What they share is a willingness to look squarely into the face of evil and an impatience with stock answers.
Let me take you into their classroom earlier this week.
Maj. Brent Beardsley, who served as personal staff officer to Maj.-Gen. Romeo Dallaire in Rwanda, has just delivered a harrowing account of the near-extermination of the nation's Tutsi minority. Eric Markusen, an American sociologist who served on a human rights panel interviewing Darfuri refugees, is comparing the two African tragedies.
But the students are restless, troubled, tired of listening.
Markusen points out that the West has paid more attention, devoted more resources and learned more about the atrocities occurring in Darfur than in any previous genocide. "The U.S. and U.N. have gone in and done investigations during the time of killing," he says.
A hand shoots up. "What good is an investigation if there's no action?" asks Simon Maghakyan of Colorado.
Markusen politely acknowledges the importance of the query and presses on, talking about the role Rwanda played in alerting the world to the crisis now unfolding in Sudan.
But he is interrupted again. Lisa Ndejura, a Montrealer born in Rwanda, wants practical guidance. "When we talk among the youth, we feel terrible that we're not doing more," she said. "I want to know how we can do things at the community level."

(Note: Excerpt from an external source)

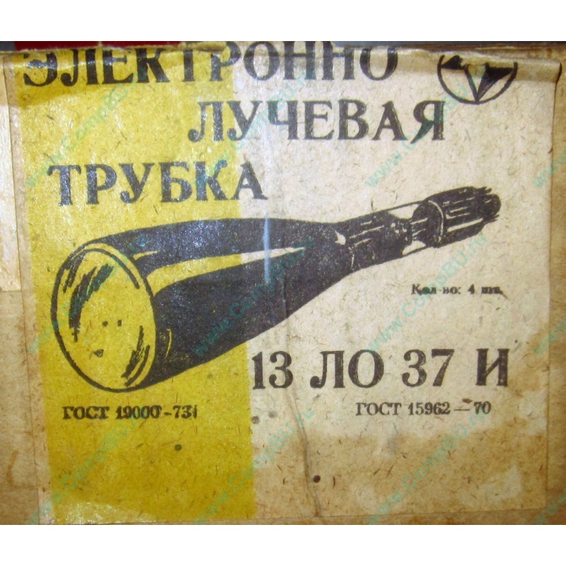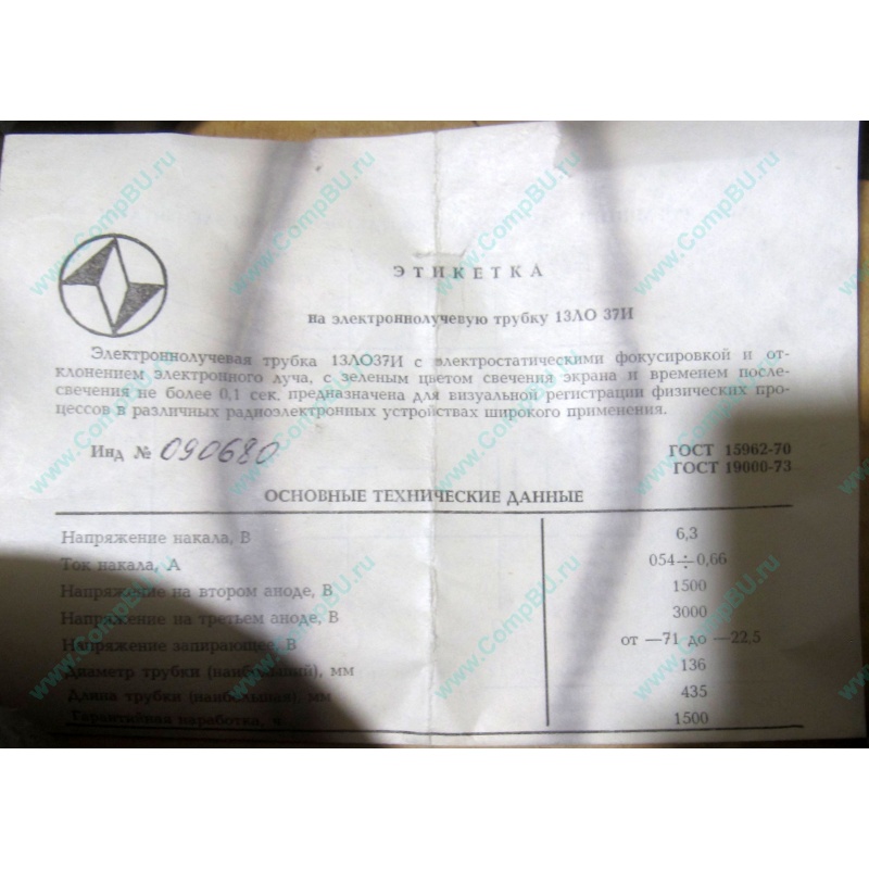 Осциллографическая электронно-лучевая трубка 13ЛО37И. Для визуального наблюдения электрических процессов. Цвет свечения экрана 13ЛО37И -зеленый. Короткое время послесвечения. Диаметр 136 мм, длина 435 мм.

Markusen's presentation soon turns into a free-for-all, with students asking tough, unanswerable questions Is a black life worth less than a white life in the eyes of the international community? Is it worse to ignore a genocide or to study it and not stop it? Is the use of deadly force justified in protecting innocent people?

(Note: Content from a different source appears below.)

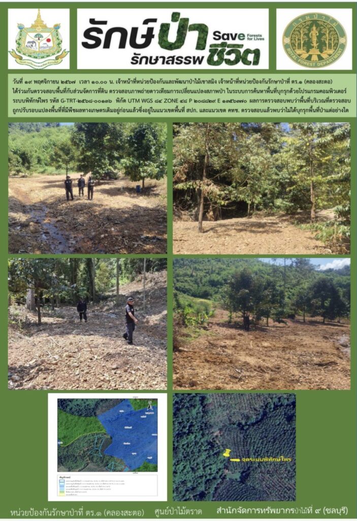 เจ้าหน้าที่หน่วยป้องกันและพัฒนาป่าไม้เขาสมิง เจ้าหน้าที่หน่วยป้องกันรักษาป่าที่ ตร.1 (คลองสะตอ) ได้ร่วมกันตรวจสอบพื้นที่กันส่วนจัดการที่ดินป่าไม้ ตรวจสอบภาพถ่ายดาวเทียมการเปลี่ยนแปลงสภาพป่า ในระบบการค้นหาพื้นที่บุกรุกด้วยโปรแกรมคอมพิวเตอร์ ระบบพิทักษ์ไพร รหัส G-TRT-2568-00136 พิกัด UTM WGS 84 Zone 48 P 208829 E 1356370 ผลการตรวจสอบพบว่าพื้นที่บริเวณที่ตรวจสอบถูกปรับรอบแปลง พื้นที่มีพืชผลทางการเกษตรเดิมอยู่ก่อนแล้วซึ่งอยู่ในแนวเขตพื้นที่ สปก. และแนวเขต คทช. ตรวจสอบแล้วพบว่าไม่ได้บุกรุกพื้นที่ป่าแต่อย่างใด

No one minces words. The debate is stimulating, unflinching and ultimately inconclusive.
The lack of tidy solutions does not bother Greg Sarkissian, president of the International Institute for Genocide and Human Rights Studies, which launched the program in 2002.
"It is designed primarily to raise awareness of the most gross violations of human rights," he says. "People thought there would never be another Holocaust, but the same thing keeps happening and the world is barely aware of it. More than 69 million people have been killed in various genocides.

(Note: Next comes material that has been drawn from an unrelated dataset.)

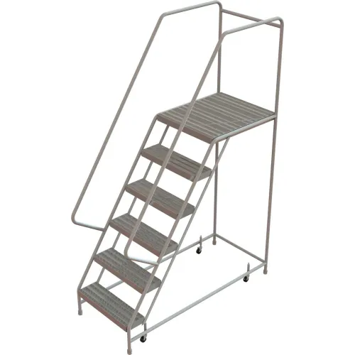 6 Step Aluminum Rolling Ladder, 24"W Grip Tread, 21"D Top Step - WLAR106245-D4C

"It shouldn't just be the responsibility of the victims and their descendants to stop these heinous crimes," says Sarkissian, who lost many relatives in the Armenian genocide. "We want to produce a generation of scholars that will understand the warning signals of genocide, talk about the issue and convince governments that it is in our national interest to intervene before genocides take place."
The students live together in a U of T dormitory. They form friendships across racial and geopolitical lines, talk about traumas most outsiders could barely imagine. "One of our goals is to turn that emotional energy into an intellectual force," Sarkissian says.
Although Ndejura finds it draining to talk about death from 9 a.m. to 5 p.m., she is glad she came. "These are questions that have haunted me for a long time," the Rwandan immigrant says. "It's a relief to talk about them."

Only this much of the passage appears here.